STUDY MATERIAL →
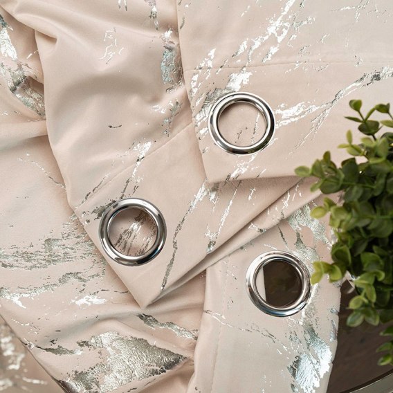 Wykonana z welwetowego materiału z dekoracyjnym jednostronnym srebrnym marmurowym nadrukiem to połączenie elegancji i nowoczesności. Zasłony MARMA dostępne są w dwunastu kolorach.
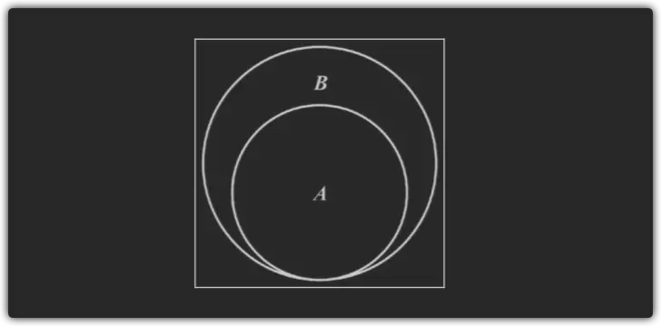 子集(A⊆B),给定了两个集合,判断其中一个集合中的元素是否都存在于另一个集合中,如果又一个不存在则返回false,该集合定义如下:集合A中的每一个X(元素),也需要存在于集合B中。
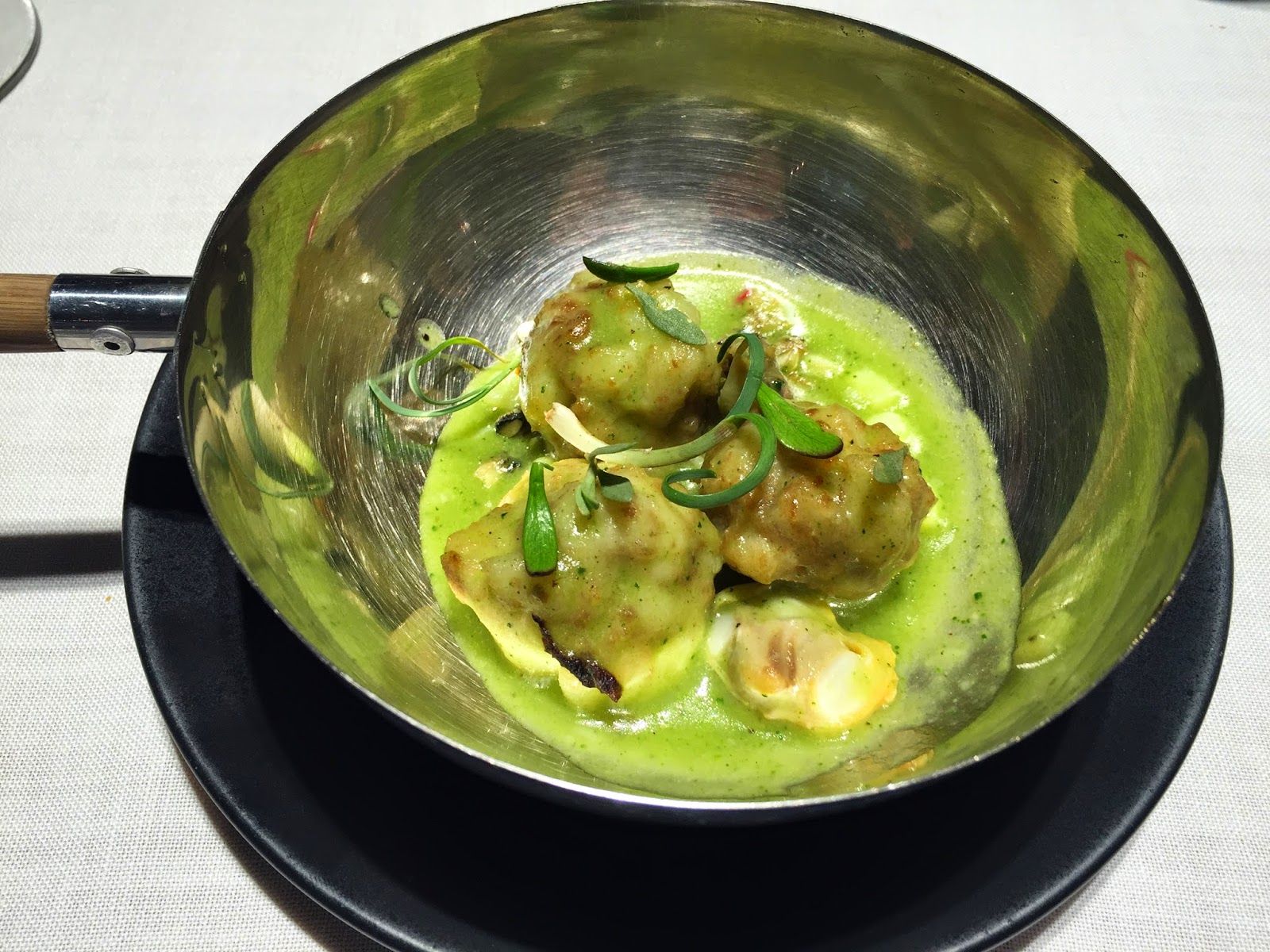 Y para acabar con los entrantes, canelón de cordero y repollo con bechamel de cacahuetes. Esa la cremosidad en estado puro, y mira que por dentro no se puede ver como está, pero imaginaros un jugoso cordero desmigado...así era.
--
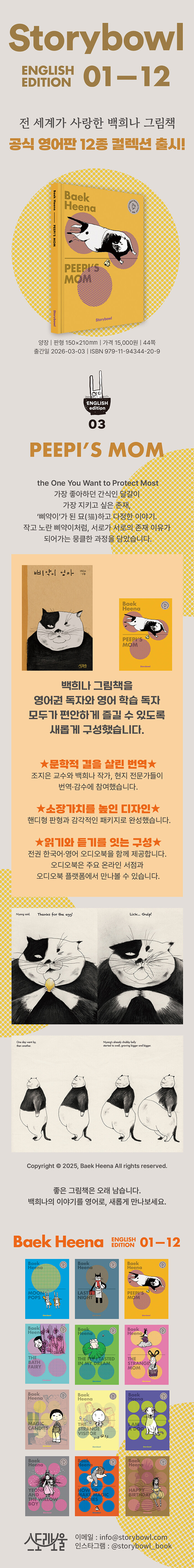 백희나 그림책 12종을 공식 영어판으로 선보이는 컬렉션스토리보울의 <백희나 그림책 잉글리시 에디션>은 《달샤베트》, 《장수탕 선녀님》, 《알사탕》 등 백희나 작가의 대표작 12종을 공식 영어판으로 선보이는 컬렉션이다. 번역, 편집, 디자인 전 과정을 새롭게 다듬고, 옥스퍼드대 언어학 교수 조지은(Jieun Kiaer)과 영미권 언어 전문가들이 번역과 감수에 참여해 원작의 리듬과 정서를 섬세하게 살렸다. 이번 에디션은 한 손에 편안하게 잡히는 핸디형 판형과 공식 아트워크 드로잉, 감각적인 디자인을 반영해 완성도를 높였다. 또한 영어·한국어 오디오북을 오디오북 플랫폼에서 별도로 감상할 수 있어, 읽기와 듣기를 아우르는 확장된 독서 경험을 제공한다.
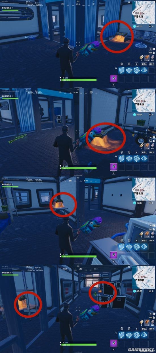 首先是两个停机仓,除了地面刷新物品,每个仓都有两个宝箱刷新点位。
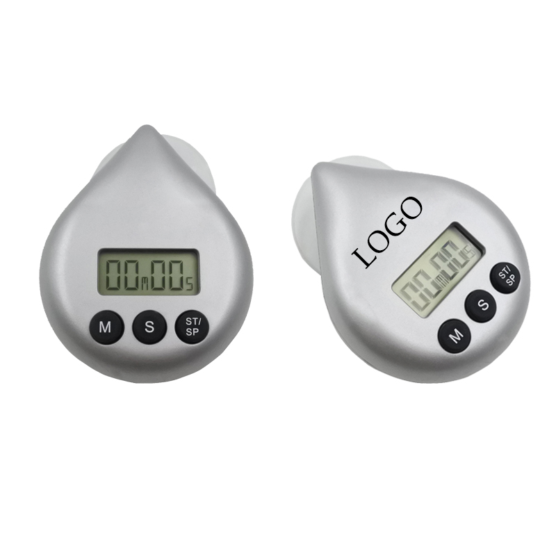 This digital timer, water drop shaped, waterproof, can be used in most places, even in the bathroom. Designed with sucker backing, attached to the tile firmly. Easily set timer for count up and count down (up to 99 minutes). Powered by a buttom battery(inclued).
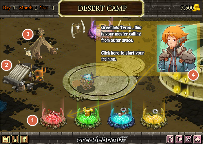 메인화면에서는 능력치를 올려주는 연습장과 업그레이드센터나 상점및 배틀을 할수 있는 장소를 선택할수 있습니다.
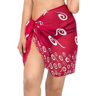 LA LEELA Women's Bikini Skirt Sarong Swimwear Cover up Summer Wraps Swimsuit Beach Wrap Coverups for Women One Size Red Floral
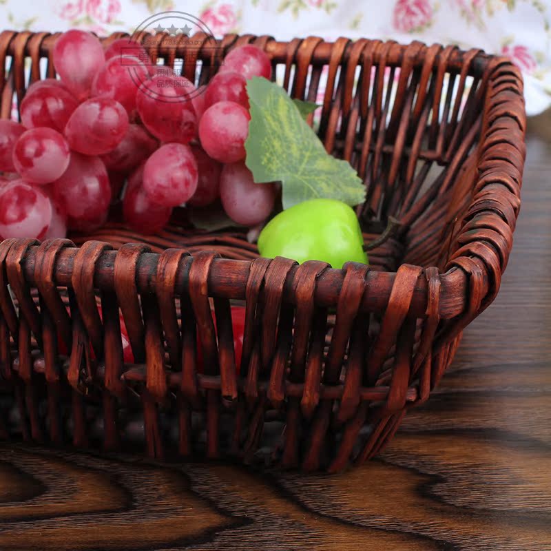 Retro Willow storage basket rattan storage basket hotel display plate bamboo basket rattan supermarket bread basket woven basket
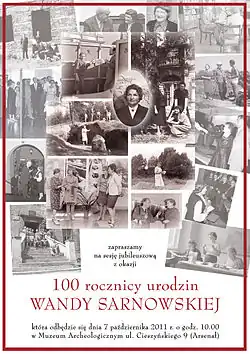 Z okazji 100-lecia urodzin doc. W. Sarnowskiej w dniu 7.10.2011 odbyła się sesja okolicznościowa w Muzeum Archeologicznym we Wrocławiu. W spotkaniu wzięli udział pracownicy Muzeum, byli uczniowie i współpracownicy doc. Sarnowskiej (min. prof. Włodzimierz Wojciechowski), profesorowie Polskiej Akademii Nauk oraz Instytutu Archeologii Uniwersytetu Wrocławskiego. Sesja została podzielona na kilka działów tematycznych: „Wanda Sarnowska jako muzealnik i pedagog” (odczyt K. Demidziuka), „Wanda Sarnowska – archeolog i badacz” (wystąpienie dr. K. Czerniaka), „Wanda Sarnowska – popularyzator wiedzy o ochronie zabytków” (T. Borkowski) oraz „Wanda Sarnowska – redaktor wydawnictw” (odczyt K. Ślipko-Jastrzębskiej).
---
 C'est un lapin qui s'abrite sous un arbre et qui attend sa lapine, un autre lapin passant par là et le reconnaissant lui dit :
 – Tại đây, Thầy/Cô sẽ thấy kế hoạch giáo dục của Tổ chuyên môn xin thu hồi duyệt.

TASK OBJECTIVE → Copy the lines above exactly, starting at the one with "首先是两个停机仓,除了地面刷新物品,每个仓都有两个宝箱刷新点位。" and ending at the one with "LA LEELA Women's", both included. Leave out any pictures and add nothing else.

THE ANSWER →
 首先是两个停机仓,除了地面刷新物品,每个仓都有两个宝箱刷新点位。
 This digital timer, water drop shaped, waterproof, can be used in most places, even in the bathroom. Designed with sucker backing, attached to the tile firmly. Easily set timer for count up and count down (up to 99 minutes). Powered by a buttom battery(inclued).
 메인화면에서는 능력치를 올려주는 연습장과 업그레이드센터나 상점및 배틀을 할수 있는 장소를 선택할수 있습니다.
 LA LEELA Women's Bikini Skirt Sarong Swimwear Cover up Summer Wraps Swimsuit Beach Wrap Coverups for Women One Size Red Floral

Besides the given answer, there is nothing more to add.